Executive Compensation Practices
In a business like Sonida’s, executive compensation is typically tied to operating metrics that matter most in senior living: occupancy, same-store RevPOR/RevPAR, resident revenue growth, NOI, and Adjusted EBITDA. Because Sonida is scaling through acquisitions and a major merger with CHP, incentive plans may also emphasize integration milestones, portfolio expansion, liquidity management, and covenant compliance rather than just earnings per share, which is distorted by depreciation and non-cash impairment charges. For a Medical Care Facilities operator, compensation structures often include a mix of salary, annual cash bonuses, and long-term equity awards to retain management through volatile financing cycles and turnaround efforts. Given the company’s margin sensitivity to labor costs and occupancy, investors should watch whether bonus targets reward operating leverage, same-store improvement, and successful refinancing rather than headline net income.

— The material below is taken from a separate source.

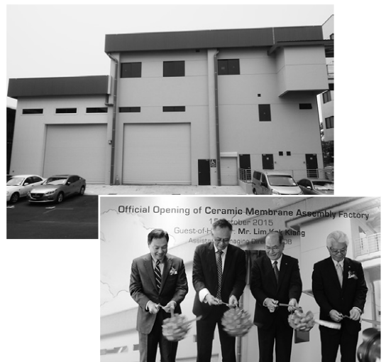
Ceramic Membrane Units Factory and Opening Ceremony

Insider Trading Considerations
Insider trading patterns at Sonida may be influenced by merger activity, refinancing needs, and the company’s sensitivity to occupancy and labor trends. Because the firm is executing a large CHP transaction and has relied on acquisitions, bridge financing, and debt markets, insiders may face blackout periods around deal negotiations, financing updates, and covenant-related disclosures. In the Medical Care Facilities industry, executives often have material nonpublic information about monthly occupancy, pricing, labor costs, impairment risk, and asset sales, which can make transactions particularly signal-rich. Traders should also note that regulated healthcare operations, reimbursement exposure at skilled nursing facilities, and asset-level performance can create timing asymmetries between what management knows and what the market sees in reported results.